They nodded gravely. I gathered they treat tone like a cocktail recipe—two parts indignation, one part smugness, garnish with flag pin.
Someone suggested covering a labor strike. The managing editor sighed, "Only if we frame it as lazy people wanting more money. No unions unless they're police or corrupting children."
"Trump speaks in Ohio tonight," announced a segment producer. "Can we run that live?"
"Of course," replied the boss, "but tape-delay it in case he strays."
"Strays where?"
"Into honesty."
The room erupted. I nearly fell from my perch.
I'd seen enough to last several lifetimes—or at least enough to make me wish I'd chosen to be born a wasp. I darted down to the desk of their fact-checker, a pallid creature hunched in the corner like the last gardenia at a funeral.
"Do they ever use you?" I inquired.
"Once," he sighed. "In 2019. I got confused and ended up at NPR."
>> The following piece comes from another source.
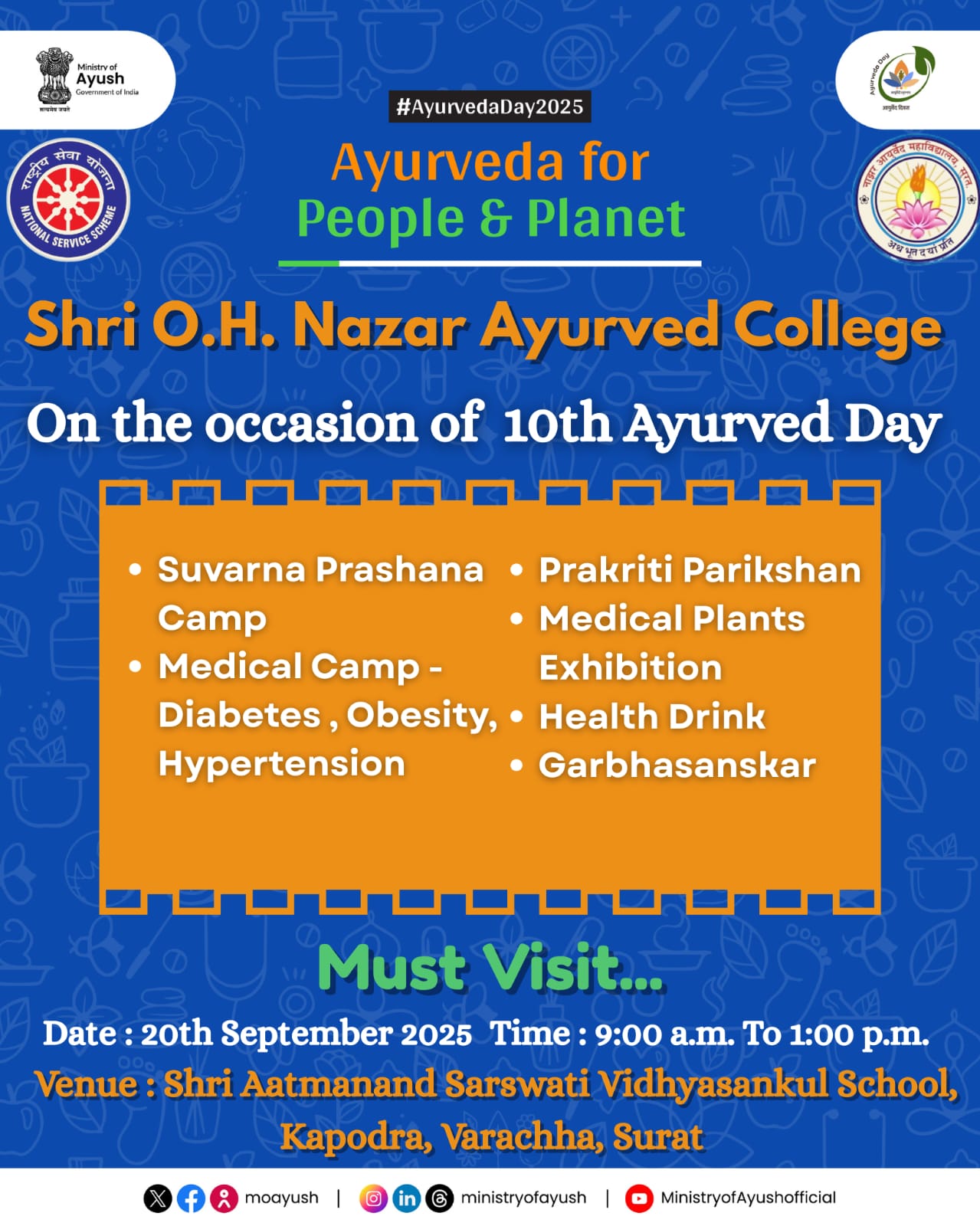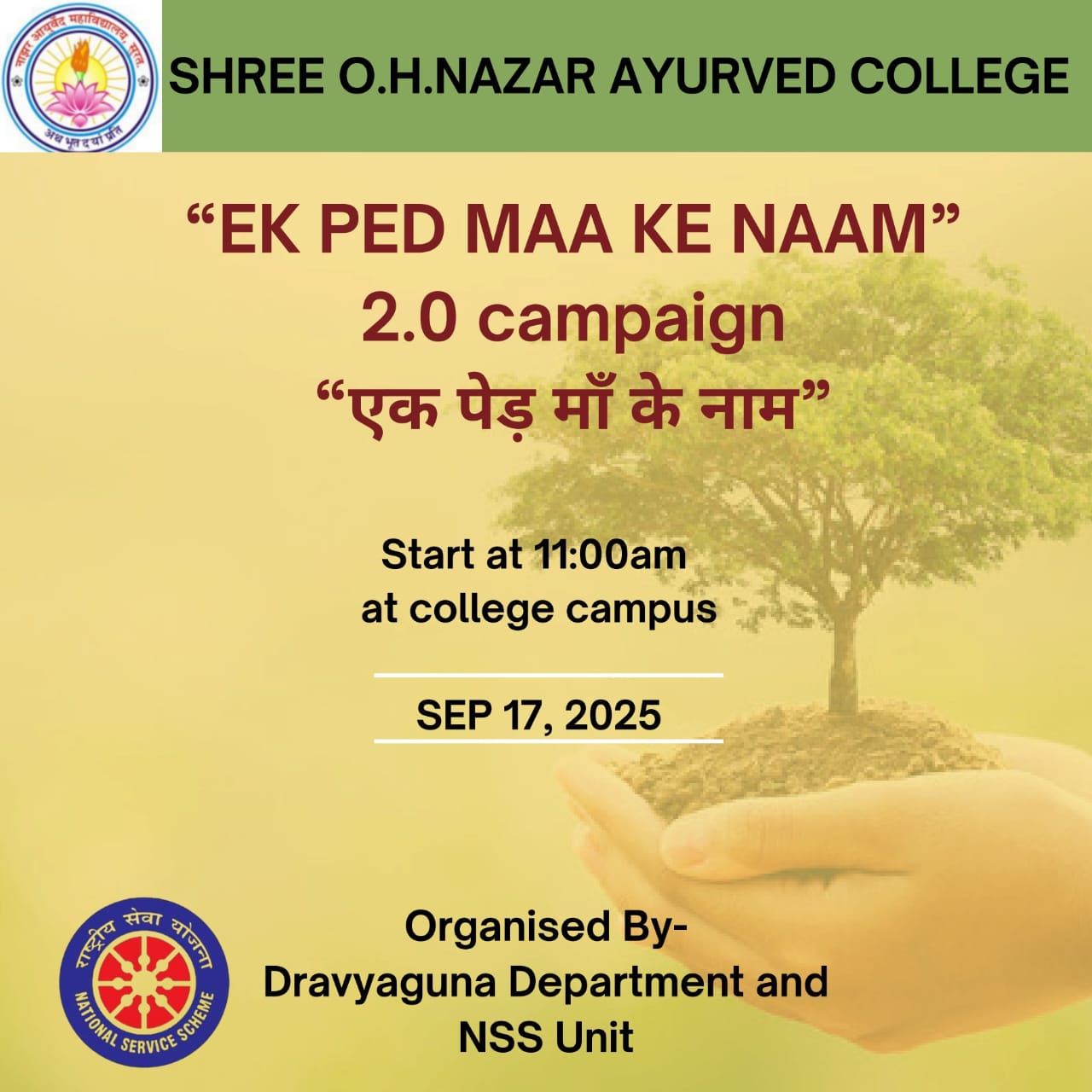 On dated 17.09.2025, at Shri O.H. Nazar Ayurved College, the programs "Ek Ped...

As the day wore on, I watched them craft headlines with the delicacy of a butcher. A story about a drag queen reading hour transformed into an international crisis. A piece on housing shortages somehow concluded with "thanks, Obama."
I departed before sundown. Even a fly maintained standards, and mine crumbled somewhere between the third invocation of "real America" and a producer trying to rhyme "liberal" with "criminal."
I returned to 60 Minutes with a notebook full of propaganda and enough cynicism to start my own network. Lesley read my notes, sighed, and lit a cigarette with nothing but the fire in her eyes.
"Good work," she said.
I buzzed weakly in reply. I had journeyed into the belly of the beast and discovered the beast rehearsing.
But then, don't we all?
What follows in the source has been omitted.